(Stored items)

Start of Block

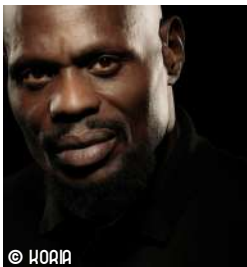
A HUIS CLOS KERY JAMES 27/05/2024 à 20h

Parmi les temps forts de cette saison : un lancement sur tout un week-end et totalement gratuit, le retour de Kery James, toujours aussi engagé mais cette fois-ci dans une pièce de théâtre, la star de l'humour D'jal, le décrypteur de la politique Clément Viktorovitch, le jazzman Michel Jonasz, le festival Africolor ou encore Password, mais aussi des pièces de théâtres classiques et contemporaines, qui seront autant d'occasions de découvrir et d'apprendre.
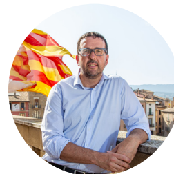
Albert Castells Vilalta Alcalde de Vic
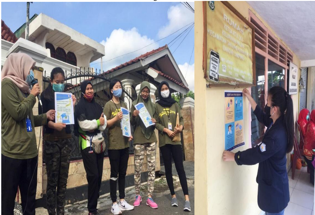
Gambar 9. Kegiatan Sosialisasi
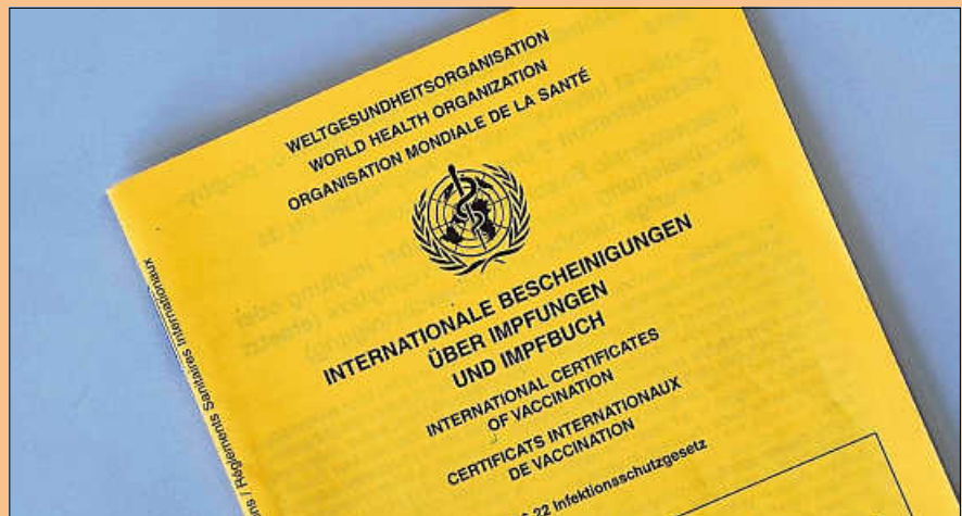
Ein Impfnachweis ist auch digital möglich.

Ebenso ist es möglich, die Eintragung des Genesenen-Nachweises vornehmen zu lassen. Bei Rückfragen vorab wenden Sie sich gerne an die Wendelinus-Apotheke Weisenbach unter Telefon 07224 991780.
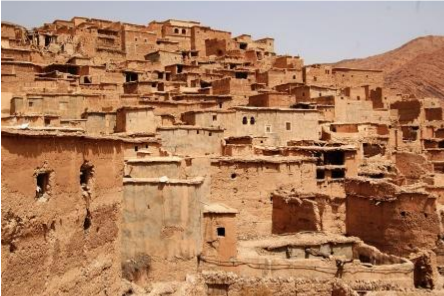
Villaggio berbero nella Valle dell'Almen con le case di paglia e fango impastati

caldo e, all'inizio della giornata, il panorama era offuscato da sabbia in sospensione prodotta da una tempesta nel deserto e arrivata fin qui. Pranziamo in una piccola, minimalista e rustica trattoria, all'aperto, sotto le palme; menù: tajine di pollo, acqua minerale, frutta e caffè (180 DH Y D O H D G L U H testa). Al ritorno ci facciamo lasciare a Tafraoute (a 5' a piedi dal campeggio). Facciamo spese nella graziosa, linda e tranquilla cittadina; il nostro bottino: babbucce e olio di argan presso una piccola produttrice. La cittadina è molto curata nell'arredo urbano e, ci hanno riferito che ci sono molte seconde case di ricchi commercianti berberi che hanno sostituito gli ebrei quando questi sono andati in Israele. Camping Tazcka
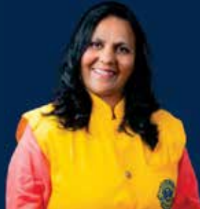
LL Aarjuli Chheda Club Secretary
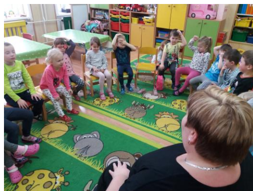
Hra: „Běží liška...“
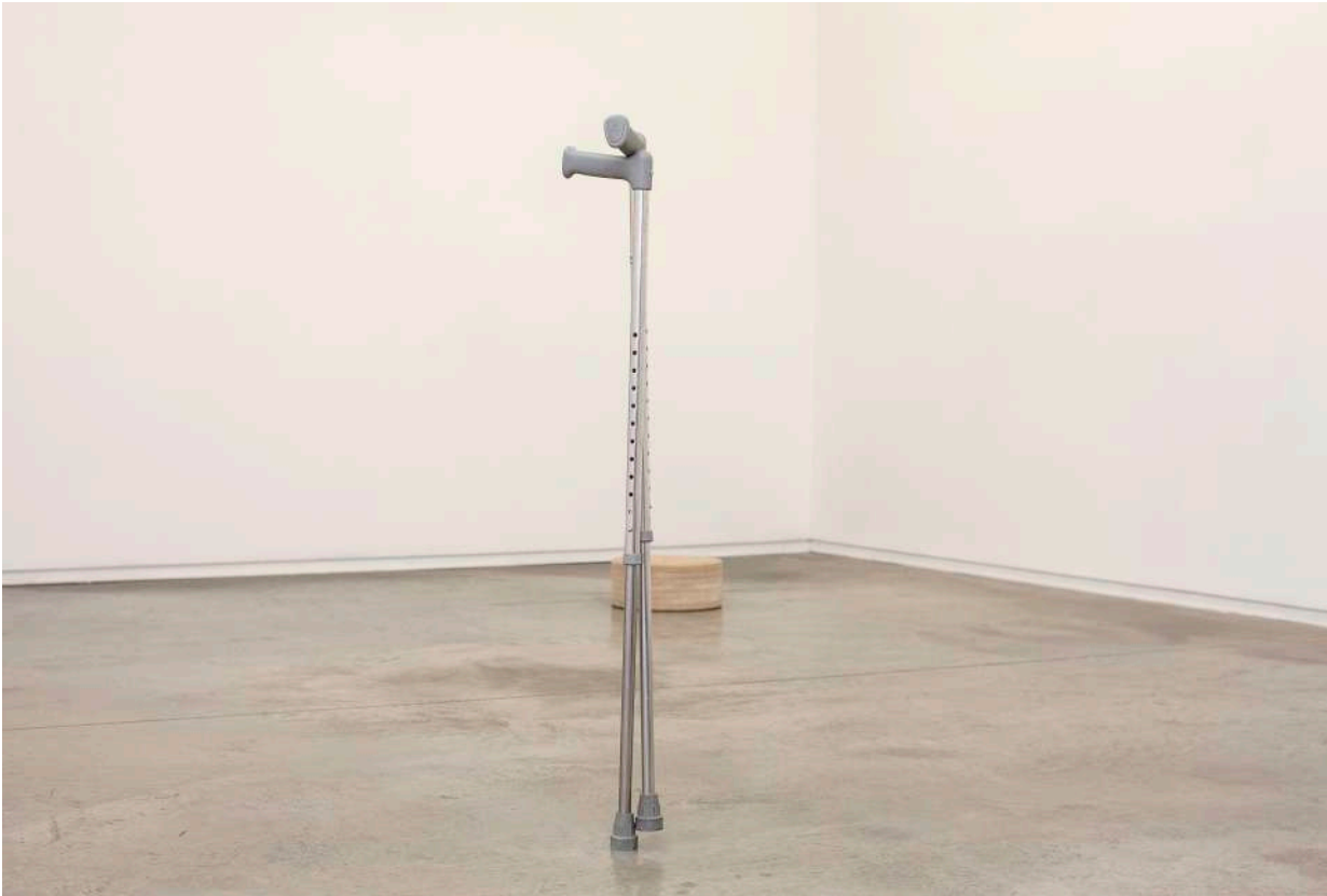
General exhibition view.

On the other hand, the acronyms that make up the title MDF/MFD (2019) refer to DM (the wood with which ceiling panels are produced to make furniture in carpentry and to tablets for the treatment of ADHD (Attention Deficit Disorder or Hyperactivity)), both being a by-product of a desire to make everything more feasible and operative, that is to say, to enable an increase in productivity. The DM block reproduces a tablet of the medicine that was prescribed to the artist, whose dimensions have been calculated according to the weight of his head, and thus materialize the rhythm marked by the asphyxiating contemporary solvency that we are not always able to maintain and that pharmacology is always willing to promote.
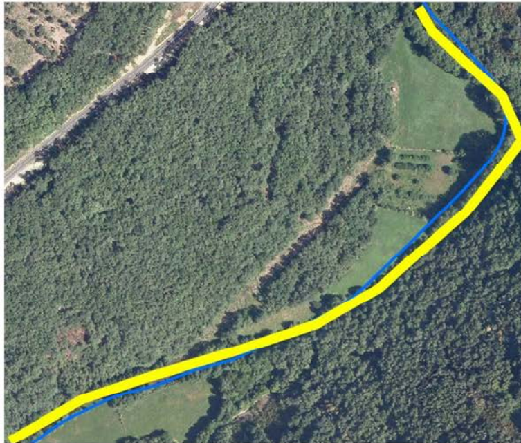
Localización de la actuación en el río Navia en Vilachá
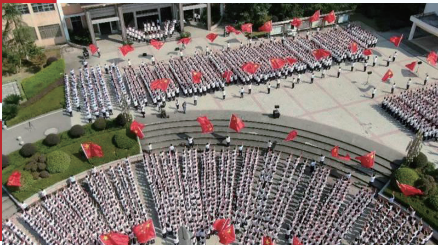
►国庆前夕，桑植一中全体师生合唱《歌唱祖国》，表达对祖国的热爱和祝福。
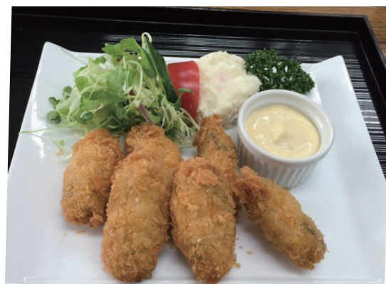
広島産カキフライ定食
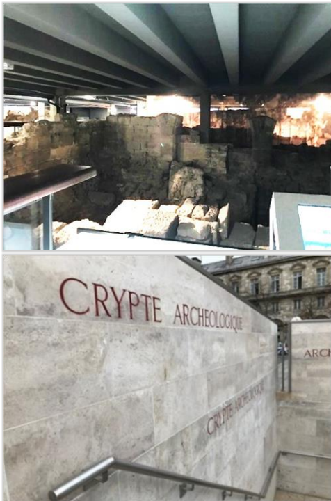
■ 遺址不僅受到完善的保存，而民眾也能透過數位投影回顧當時的樣貌。

位於巴黎聖母院前院正下方的地下考史室，自2013年後成為巴黎市博物館 (LES MUSÉES DE LA VILLE DE PARIS / CITY OF PARIS MUSEUMS 4 ) 第12個成員。目前遺址是在1965-1972年間挖掘出土，呈現了巴黎中心西提島上由羅馬高盧時代 (gallo-romaine) 至20世紀間演進的歷史。可看見盧泰西亞城鎮 5 碼頭的牆、公共澡堂；也可看到中世紀的遺址，比如成立於651年，巴黎最早的醫院 Hôtel-Dieu 的地下室、古道路旁房舍的基地；18世紀的遺跡則有孤兒院的基地，或是19世紀巴黎改造 6 的遺跡；現場以VR投影，搭配考古遺址，讓參觀者更能身歷其境，感受各個時代的不同樣貌。
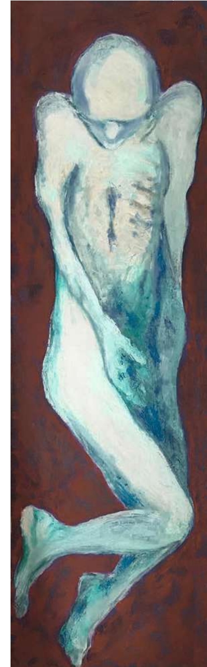
Traum männlich Ölfarbe auf Sperrholz, 160 × 45 cm, 2001
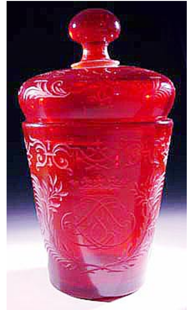
1 Goldrubin-Deckelbecher, »süddeutsch, wohl Freising«, Anfang 18. Jh. H. 19 cm. Auktion in Zwiesel, 1. Juli 2000, Nr. 125

Johann Kunckel ging es jedoch nicht um künstliche Rubine, sondern um ein wirkliches rotes Goldglas in einer Zusammensetzung und in genügenden Mengen, um daraus in hüttenmäßiger Verarbeitung durch Blasen und Formen Hohlgefäße herzustellen. Deshalb sah er in Neris »theurem und kostbarem Modus« keinen praktischen Nutzen. Viele hätten es versucht, »aber darinnen wenig Vergnügen gefunden.« Er selbst wohl auch nicht, denn die Herstellung seines berühmten Goldrubinglases gelang ihm nach eigenem Bekunden erst, nachdem er etwa um 1685 von Dr. Cassius' Praecipitatio Solis cum Jove Kenntnis erlangt hatte. »Als ich dies erfuhr«,
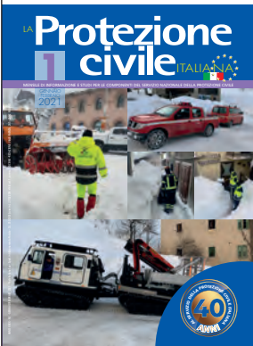
le nevicate estreme di metà gennaio

Mensile di informazione e studi per le componenti del Servizio nazionale della Protezione civile, fondato nel 1981 sotto l'alto Patronato del Ministro per il Coordinamento della Protezione civile
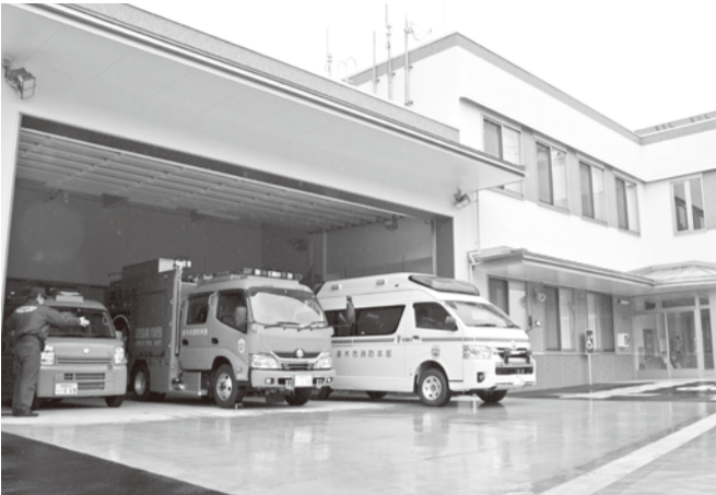
煤ヶ谷に開設した清川分署は市内の消防・救急活動にも当たる
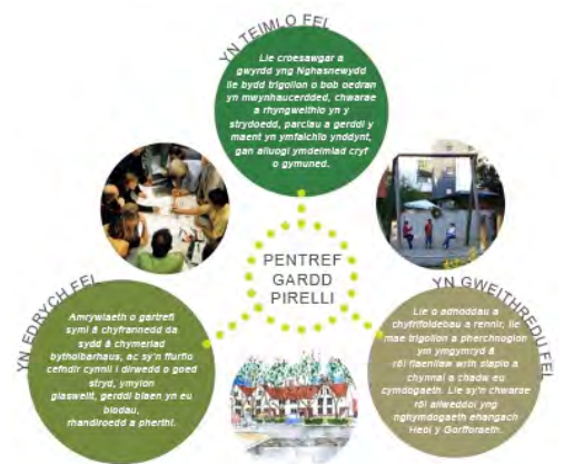
Figur 2: Pentref Gardd Pirelli [105, t.25]
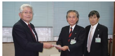
名取市長へ義援金贈呈
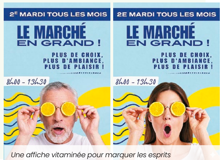
Une affiche vitaminée pour marquer les esprits

Nous vous donnons donc rendez-vous chaque 2 e mardi du mois, de 8h00 à 13h30, pour faire vivre ensemble notre marché en grand
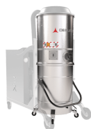
GX Camera e contenitore acciaio INOX AISI 304
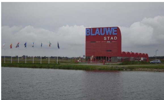
Информационный центр города Blauwe
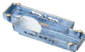
ミ474-037 京橋 突出皿 24.3×9.5×3.5cm (40入・磁) 3,380円
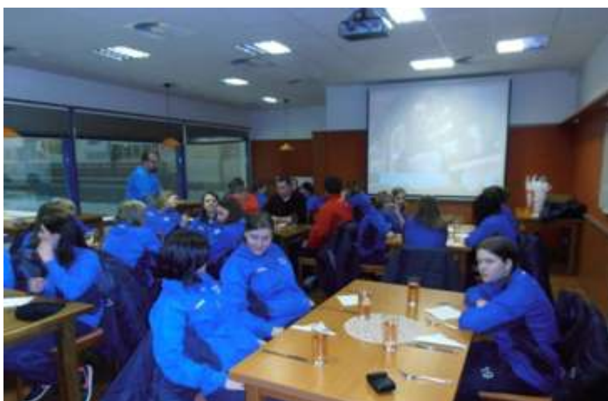
Obrázek 8: Stravování
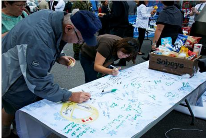
Operation Santa Claus

Residents from Orleans, Ontario, sign a Support Our Troop banner at the 2012 Sobeys Orleans BBQ Operation Santa Claus, a donation drive and send off.
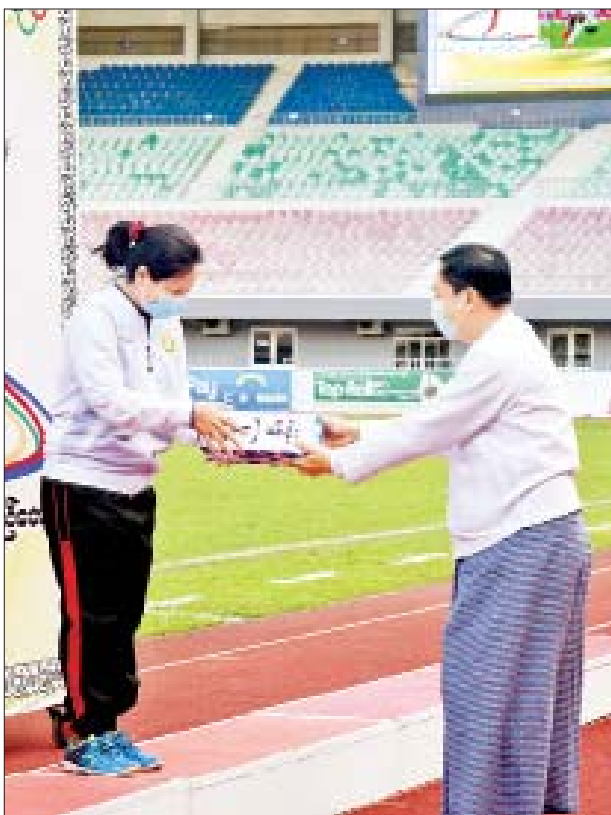
နိုင်ငံတော်စီမံအုပ်ချုပ်ရေးကောင်စီအဖွဲ့ဝင် ဒုတိယဗိုလ်ချုပ်ကြီး မိုးမြင့်ထွန်းက စတုတ္ထဆုရရှိသည့် ရန်ကုန်တိုင်းဒေသကြီးအသင်းအား ငွေသားဆု ပေးအပ်ချီးမြှင့်စဉ်။

ထို့နောက် ဆုချီးမြှင့်ပွဲ အခမ်းအနားကို ဆက်လက်ကျင်းပရာ ကောင်စီအဖွဲ့ဝင် ဦးရွှေကြိမ်းက အကောင်းဆုံးဂိုးသမားဆုရရှိသူ ရခိုင်ပြည်နယ်အသင်းမှ မတိုးရတနာစုကိုလည်းကောင်း၊ ကောင်စီအဖွဲ့ဝင် စောဒန်နီယယ်က အကောင်းဆုံး နောက်တန်းကစားသမားဆုရရှိသူ ရှမ်းပြည်နယ်အသင်းမှ စာမျက်နှာ ၄ သို့ »»
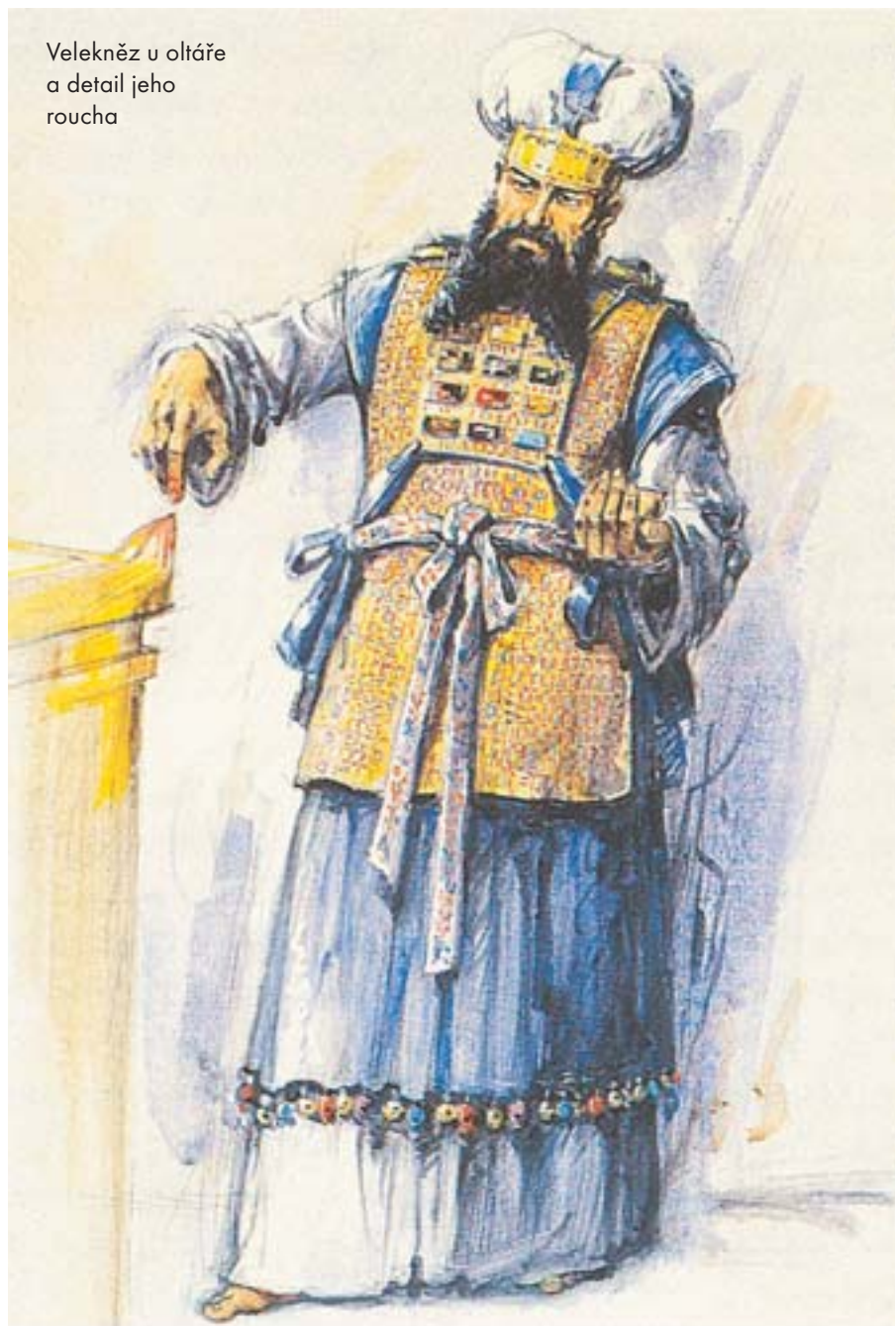
Velekněz u oltáře a detail jeho roucha

neví rady, nepozná jeho hlas – musí se to nejprve naučit (1S 3,7). A učit se to může jen od Hospodina, jen nasloucháním Hospodinu. Všim, co až dosud prožil, se stává pro Hospodinovo slovo vnímavým a pro Hospodina použitelným: chováním jeho matky, pobytem ve svatyni od útlého mládí a nakonec Hospodinovým promluvením. Tím, že naslouchá (nikoli mluví) umožňuje Hospodinovo promluvení k lidu. To ostatně vyjadřuje i šestý význam jeho JMÉNA, rozumíme-li mu od slovesa ja-l: Ten, který se podvoluje, umožňuje Bohu (mluvit). A Samuel naučí se rozpoznat a rozumět Hospodinu (zraje)
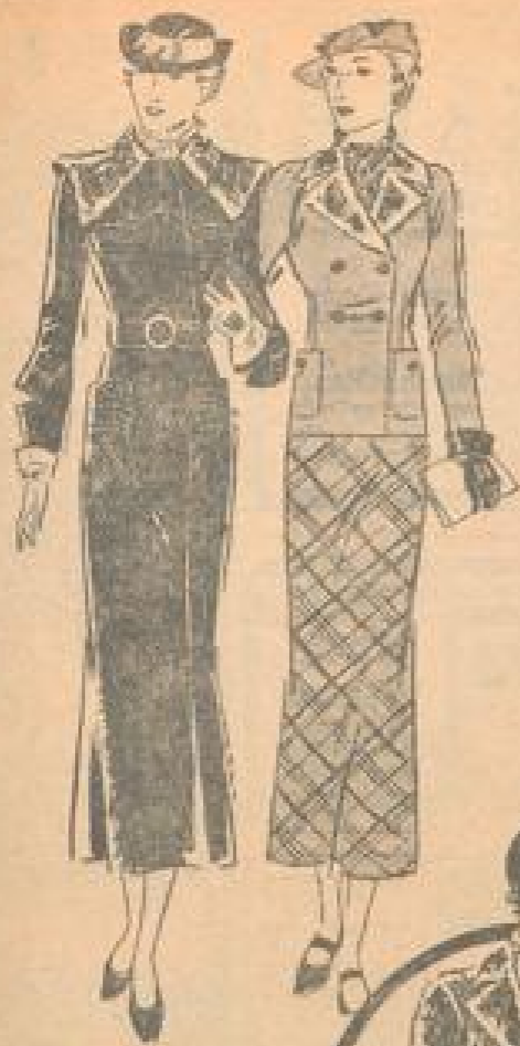
Wendel mit breitem, metallischen Schmuckband. Dunkelblau. Illustriert von G. Schmitt. M 2294
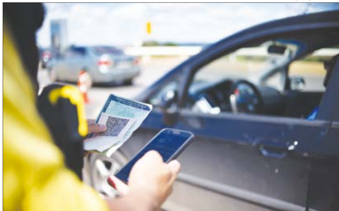
Para os motoristas que ainda não utilizam a Carteira Digital de Trânsito, o processo continua o mesmo
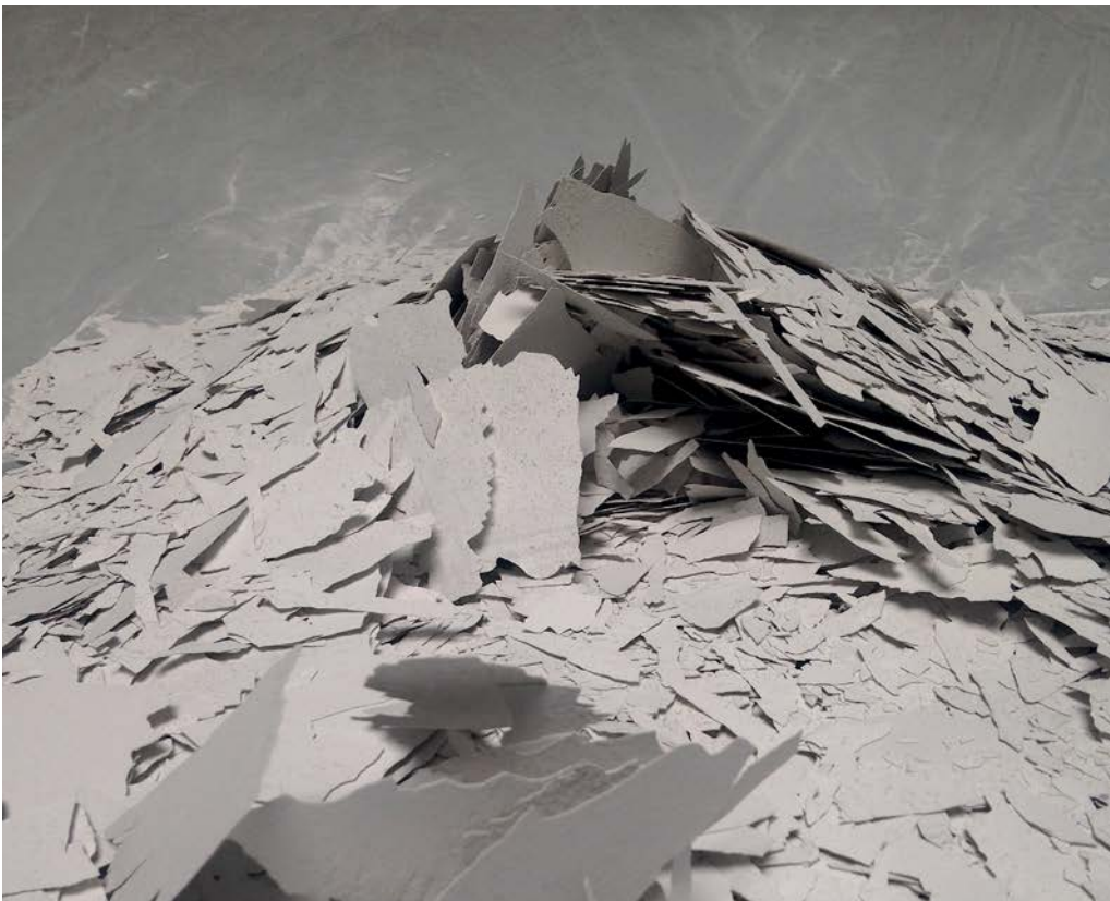
Ligne brisée (détail) © Lise Couzinier 2015

End of Block

▶ _PROBLEM REQUIREMENTS_
Where a picture appears in the records above, omit it, and transcribe exactly the stretch of lines from the one with "Ebenso ist es" through the one with "Villaggio berbero nella".

▶ _ANSWER SPACE_
Ebenso ist es möglich, die Eintragung des Genesenen-Nachweises vornehmen zu lassen. Bei Rückfragen vorab wenden Sie sich gerne an die Wendelinus-Apotheke Weisenbach unter Telefon 07224 991780.
Villaggio berbero nella Valle dell'Almen con le case di paglia e fango impastati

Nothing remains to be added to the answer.